Saturday, April 5, 2014

Topical Monologue Jokes Less Likely To Be Found Than A Black Box


According to new research, vegetarians are less healthy than meat-eaters. Because they're more likely to be injured from patting themselves on the back.


He's never Putin on a shirt
McDonald's says it's leaving Crimea due to reasons beyond its control. While Vladimir Putin says he's leaving McDonald's due to its policy of "No shoes, no shirt, no service."

A recent back surgery has forced Tiger Woods to pull out of the Masters. Though experts believe it won't keep Tiger from pulling out of cocktail waitresses.

According to a new study, the Internet is a big reason why more Americans are losing their religion. So to win people back, religious leaders have promised that heaven now has free wifi.

Frankie Knuckles, one of the inventors of house music, died Monday at 59. DJs everywhere were asked to honor Knuckles by not holding a single moment of silence.

On Wednesday the Supreme Court lifted limits on individual campaign contributions in federal elections. So instead of being the "Leader of the Free World", the next U.S. President will be nicknamed "Warren Buffet's bitch."

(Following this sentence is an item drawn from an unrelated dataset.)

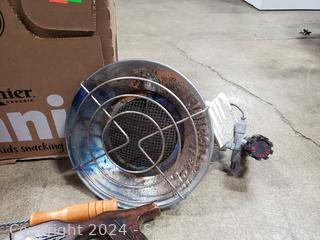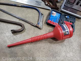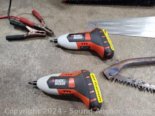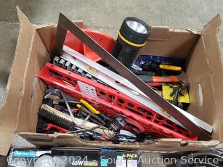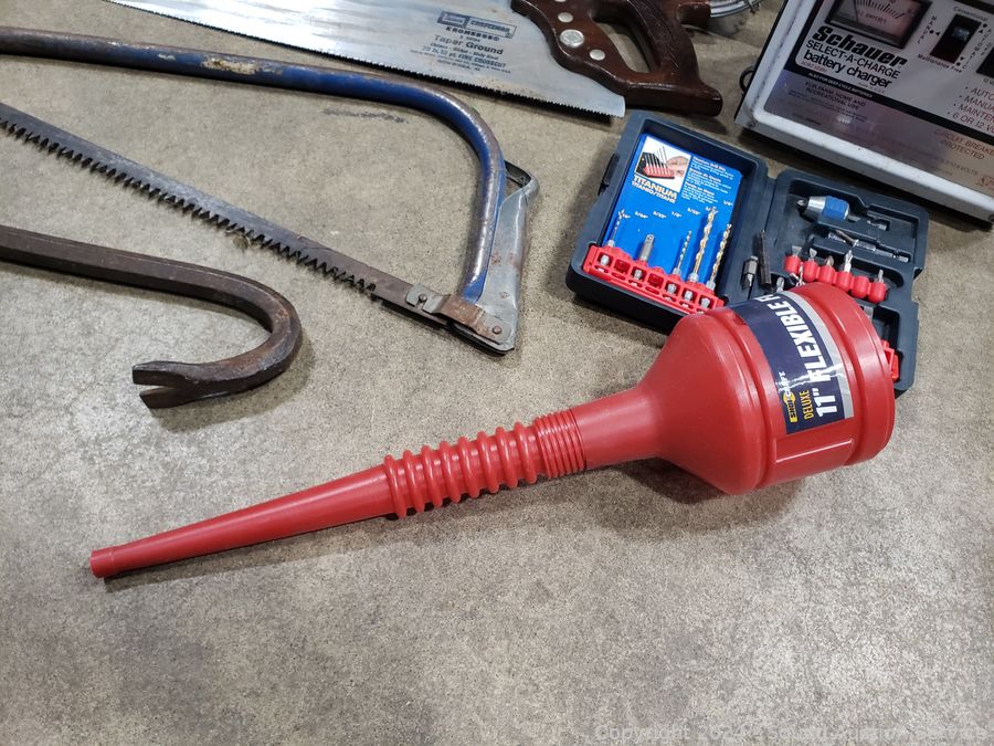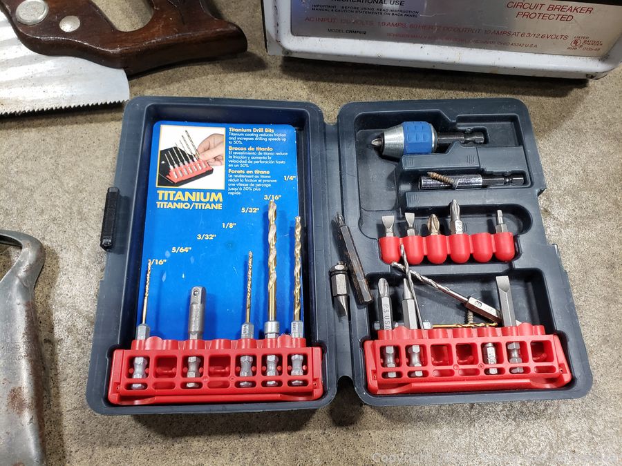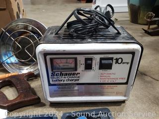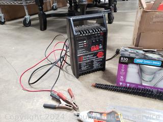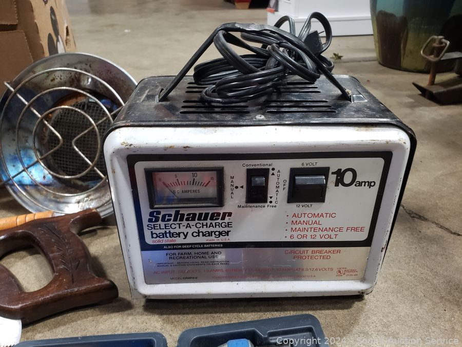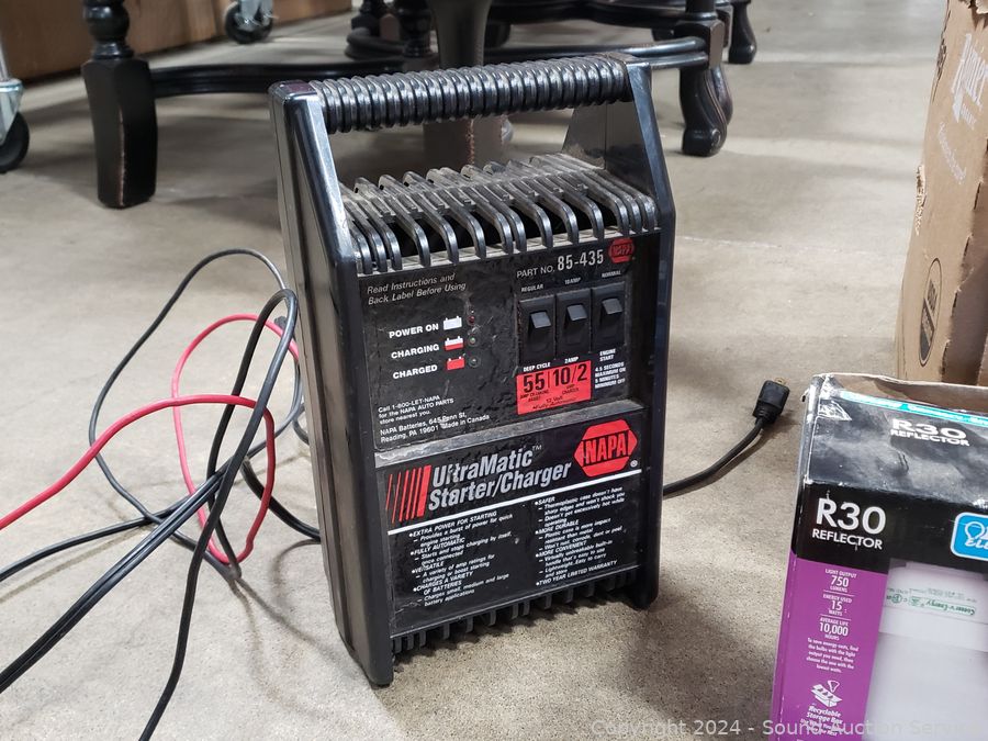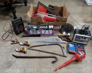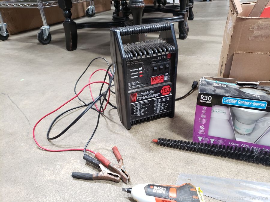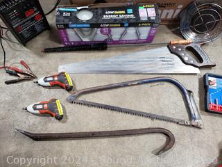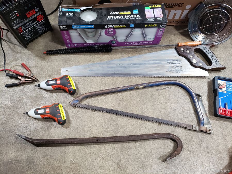 Crowbar, hand saw, ultramatic starter/charger, Schauer battery charger, floodlights, various hand tools. Refer to photos for lot contents, more details.

James Franco allegedly asked an underage teenage girl to meet up with him at a hotel. Though in his defense, she probably looked legal if you squint hard enough as James Franco.

OkCupid is encouraging users to avoid Mozilla Firefox due to anti-gay contributions by the company's CEO. Though Firefox users might've suspected the company was run by a homophobe when their browser didn't recognize same-sex plugins.

GrubHub, the Chicago-based online food ordering company, raised $193 million in its first day on the stock market. However those who bought shares say that Grubhub forgot to include utensils.

Donald Trump said he's talked to investors about buying the Buffalo Bills. He's also talked to investors about building Buffalo's first more-than-one-star hotel.

According to a website for people looking to cheat, the city with the most people wanting to commit adultery is Chicago. More specifically, people in Chicago are looking to cheat on their spouse with a hot Italian beef sandwich.

According to a website for people looking to cheat, the city with the most people wanting to commit adultery is Chicago. More specifically, the people in Chicago looking to cheat are Cubs fans looking for a new team.

A new study shows that zebras evolved stripes to ward off flies. While humans evolved stripes to ward off looking fat.